Multimedia: Person Identification in Video Documents

People are among the main elements of interest for users searching in video collections. Therefore, indexing who is appearing and who is speaking, or who is mentioned either in the speech or in the image track, is a major goal for content-based video indexing. Though the problem is similar to general concept indexing, quite specific techniques can be used to obtain the maximal performance in this very important practical case. In this domain, we focused on:

written name extraction by developing and improving overlaid text recognition techniques;
unsupervised naming of persons using written names, pronounced names or both;
multimodal fusion for person identification in video documents.

We experimented these approaches in the context of the REPERE3 national evaluation campaign where we were often ranked first within the three participants. This work led to one publication in a national journal, and several in national and international conferences. A tool for overlaid text extraction4 has been made publicly available.

Multimedia and contextual mobile information access: Indexing and mobile device compatible Retrieval of Still Images

The MRIM group is also involved in still images indexing and retrieval. We believe that spatial organization of images are important to be taken in account during indexing and retrieval, so we developed several approaches to include such spatial elements to represent images for information retrieval: integration of spatial locality in image annotation processes, integration of spatial relationships in vector space and extensions of language models in a way to integrate graph-based representations of images. The IOTA system has been developed on these works: it can index images on a server, and the retrieval can be performed on both servers and autonomously on mobile devices. Since 2012, part of these works are licensed to the Globe-VIP EyeSnap5 company, dedicated to indexing and retrieval of still images on servers and on mobile devices. At the academic level, this work led to two publications in international journals, one in a national journal, and several in national and international conferences. The applications developed with Globe-VIP led to prototypes tested in a museum.

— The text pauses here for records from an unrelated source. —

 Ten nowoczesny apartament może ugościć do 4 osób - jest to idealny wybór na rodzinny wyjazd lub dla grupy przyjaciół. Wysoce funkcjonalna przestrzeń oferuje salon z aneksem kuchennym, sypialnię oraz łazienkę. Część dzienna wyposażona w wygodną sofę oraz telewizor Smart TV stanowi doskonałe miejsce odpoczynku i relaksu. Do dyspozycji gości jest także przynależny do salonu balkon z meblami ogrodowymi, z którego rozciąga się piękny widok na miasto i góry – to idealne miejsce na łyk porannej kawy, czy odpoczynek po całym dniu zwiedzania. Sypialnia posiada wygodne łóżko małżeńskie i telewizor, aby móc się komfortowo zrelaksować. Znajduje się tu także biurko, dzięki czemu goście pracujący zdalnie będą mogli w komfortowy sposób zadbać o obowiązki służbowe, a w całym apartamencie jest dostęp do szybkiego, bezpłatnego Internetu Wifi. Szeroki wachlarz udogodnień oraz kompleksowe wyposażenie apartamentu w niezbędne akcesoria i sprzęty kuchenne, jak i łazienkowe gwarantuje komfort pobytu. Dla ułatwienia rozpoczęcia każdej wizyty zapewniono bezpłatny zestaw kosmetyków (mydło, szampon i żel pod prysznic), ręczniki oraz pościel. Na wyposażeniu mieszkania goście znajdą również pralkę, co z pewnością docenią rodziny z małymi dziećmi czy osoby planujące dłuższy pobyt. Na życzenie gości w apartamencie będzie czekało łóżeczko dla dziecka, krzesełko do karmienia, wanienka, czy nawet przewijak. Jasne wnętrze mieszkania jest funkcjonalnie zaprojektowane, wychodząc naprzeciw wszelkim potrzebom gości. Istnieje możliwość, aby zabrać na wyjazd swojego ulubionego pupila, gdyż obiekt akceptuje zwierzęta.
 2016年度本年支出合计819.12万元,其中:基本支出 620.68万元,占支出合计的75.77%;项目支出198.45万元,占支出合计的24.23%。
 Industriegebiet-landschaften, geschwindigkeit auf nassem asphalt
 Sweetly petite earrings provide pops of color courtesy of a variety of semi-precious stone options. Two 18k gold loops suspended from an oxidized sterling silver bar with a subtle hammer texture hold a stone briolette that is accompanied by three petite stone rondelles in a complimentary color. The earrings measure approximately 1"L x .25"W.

Semantic and multilingual Access to Textual Information

Semantic indexing consists in using explicit concepts as index instead of keywords, as in traditional IR. Transforming a natural language text into a sequence of concepts leads to specific problems due to the mapping processes from text to concepts. The weighting scheme for conceptual indexing, published in DEXA 2012, proposes a new counting function that is adapted to concept weighing, when one single portion of text can be mapped on several overlapping concepts. This work uses Medical knowledge from UMLS meta-thesaurus and is applied on medical test collections from the CLEF initiative. Finally, we have worked on the introduction of knowledge extracted from Wikipedia source, into a language model matching function. This conceptual indexing research is strongly linked with the logical modeling of the matching function. Multilingual Access to Textual Information needs the production of multilingual resources. These resources are efficiently and automatically produced using parallel or comparable multilingual corpora. A reliable comparability measure of comparable corpora (Bo Li’s PhD Thesis) is an important result in the automatic building of large multilingual terminological resources using existing Web comparable multilingual corpora.